Deus masculino ou feminino?


Muitas pessoas têm uma imagem mental de Deus como sendo homem, ou pelo
menos mais masculino que feminino. Isto se deve em grande parte às imagens
de Deus na arte primitiva, e à descrição de Deus como "ele" ou "pai". Mas Dt
4.15-16 lembra Israel de que Deus não tem forma ou aparência. Eles não deviam
fazer imagens de escultura (ou supostamente formar imagens mentais) de Deus
como homem ou mulher. Masculino e feminino são diferenças biológicas na
humanidade criada. Ambos os sexos refletem igualmente uma imagem do
Criador.

O masculino ou o feminino deve ser usado para refletir o fato de que a natureza
de Deus é pessoal, não impessoal. "Aquilo" não serve. O uso de "ele" para Deus
indica que Deus é uma pessoa. Não está relacionado com o sexo (àquilo que é
biologicamente determinado) ou gênero (aquilo que é socialmente determinado).
Ultimamente as imagens femininas de Deus nas Escrituras (tais como dar a luz ou
prover alimento) foram redescobertas. O mesmo aconteceu com o uso de termos
femininos com relação a Deus, por exemplo, a Sabedoria no Antigo Testamento.
Classificações gramaticais masculinas e femininas são usadas, mas elas não
transmitem necessariamente o ser ou a essência.

Também houve progresso no reconhecimento da valorização social do masculino


que é inerente a muitas línguas e a consequente marginalização das mulheres —
colocando-as de lado, ignorando-as ou considerando-as atípicas no que tange à
experiência humana.
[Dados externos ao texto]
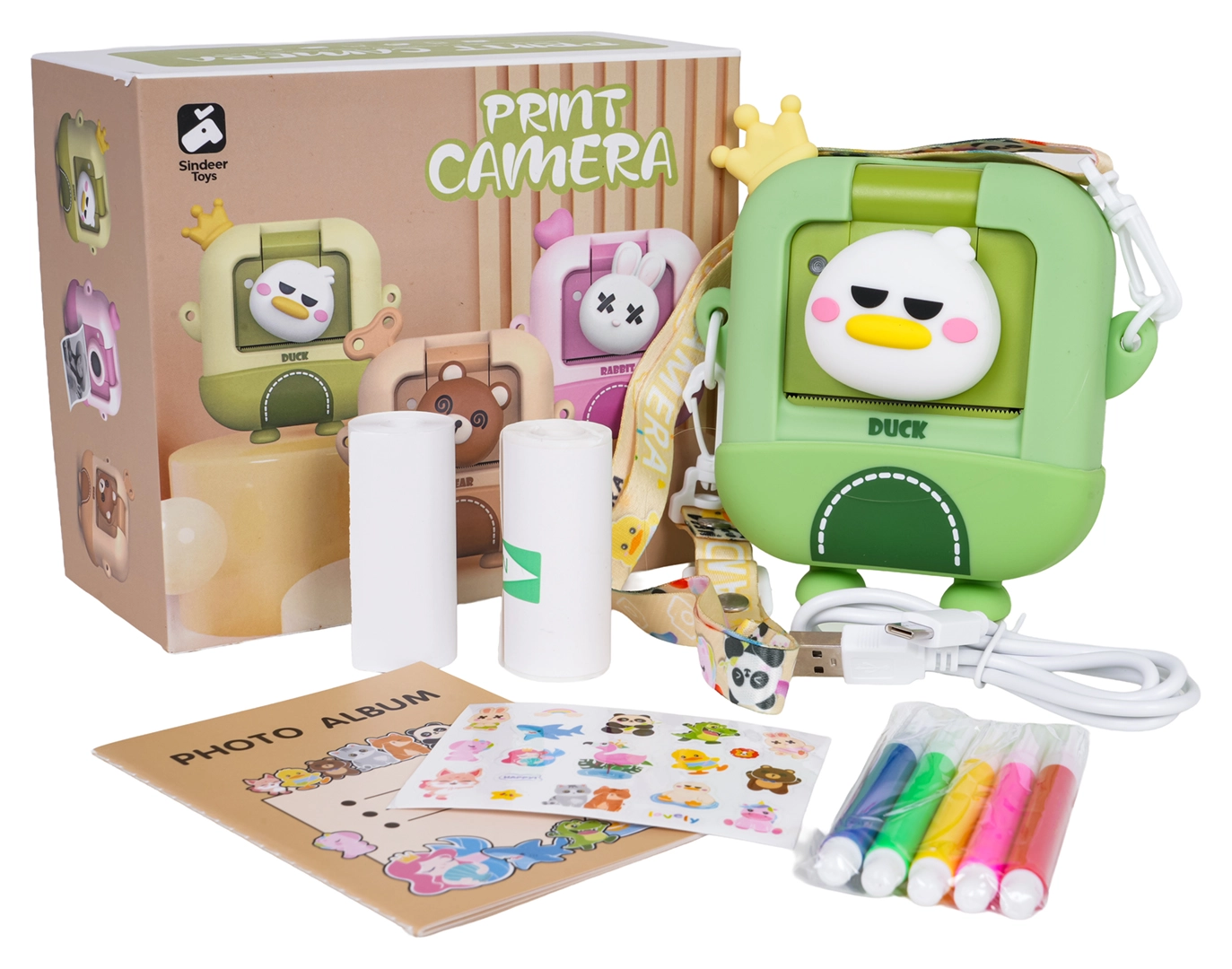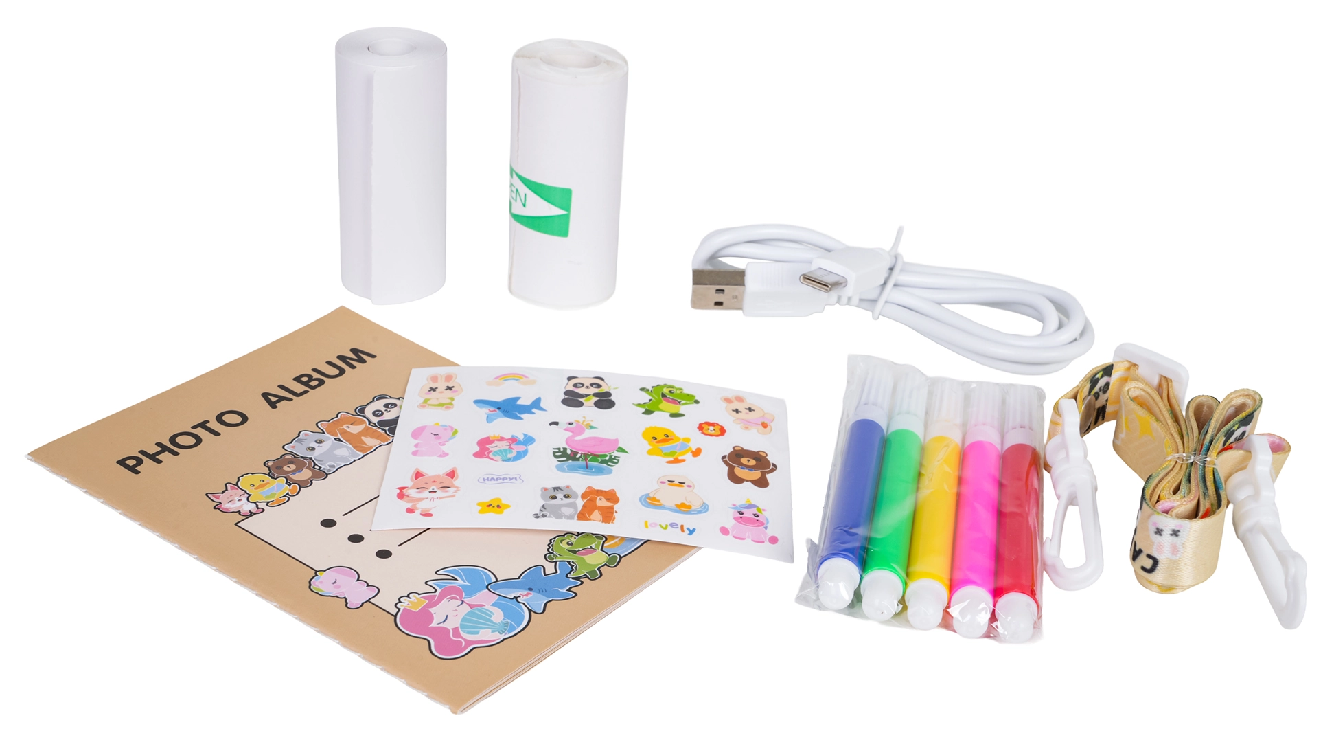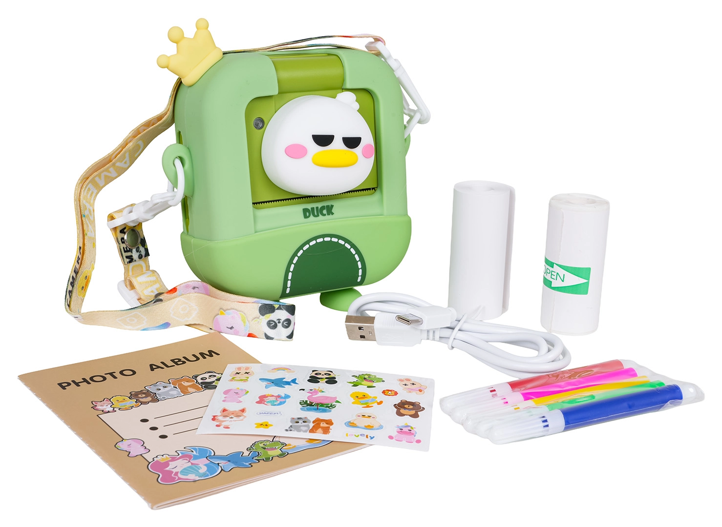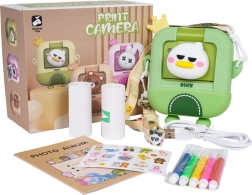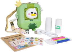 Pradžiuginkite mažus fotografus vaikišku fotoaparatu, kuris iškart po nuspaudimo spausdina nuotrauką ant termopopieriaus. Rinkinyje yra gausu kūrybinių priedų: apsauginis dėklas, 2 termopopieriaus ritinėliai, USB kabelis, dirželis, fotoalbumas, lipdukai ir spalvoti flomasteriai, kad būtų galima išspausdintas juodai baltas nuotraukas nuspalvinti. Fotoaparatas siūlo vaizdo įrašymą, smagius efektus ir saugojimą į kortelę (kortelės lizdas), todėl tai puiki dovana vaikams nuo 3 metų.

Esta não é a visão bíblica. No passado, quando Deus era
considerado masculino, o erro estava em considerar a masculinidade como sendo
mais semelhante a Deus.

O exemplo de Jesus não introduziu um movimento revolucionário para derrubar a


cultura judaica de dominação masculina da sua época. Porém ele claramente
quebrou as regras do seu tempo. Ele ensinou mulheres; discutiu teologia com
elas; aceitou adoração delas; elevou sua posição em discussões sobre divórcio; e
tocou mulheres ritualmente "impuras". Tais ações não parecem grande coisa
pelos padrões atuais, mas foram atos notáveis na época e iam além do que era
aceitável. Isto abriu caminho para seus seguidores fazerem o mesmo. No passado,
o fato de Jesus ter nascido como homem era considerado vantajoso para os
homens.

Se encarnação significa que "Deus se fez um homem", então a redenção das


mulheres fica em cheque ou pelo menos é secundária, e Jesus é mais bem
representado no sacerdócio por homens que por mulheres.

Mas a Bíblia jamais usa a masculinidade de Jesus como instrumento de


comparação; usa apenas sua humanidade, que é comum a homens e mulheres. E
o Novo Testamento ensina nitidamente o sacerdócio de todos os crentes; todos
podem chegar a Jesus e todos podem representá-lo na terra.

Na encarnação Jesus representa um modelo de humanidade, não de


masculinidade. As mulheres, assim como os homens, podem encontrar seu
padrão nele e seguir seu exemplo em todos os aspectos.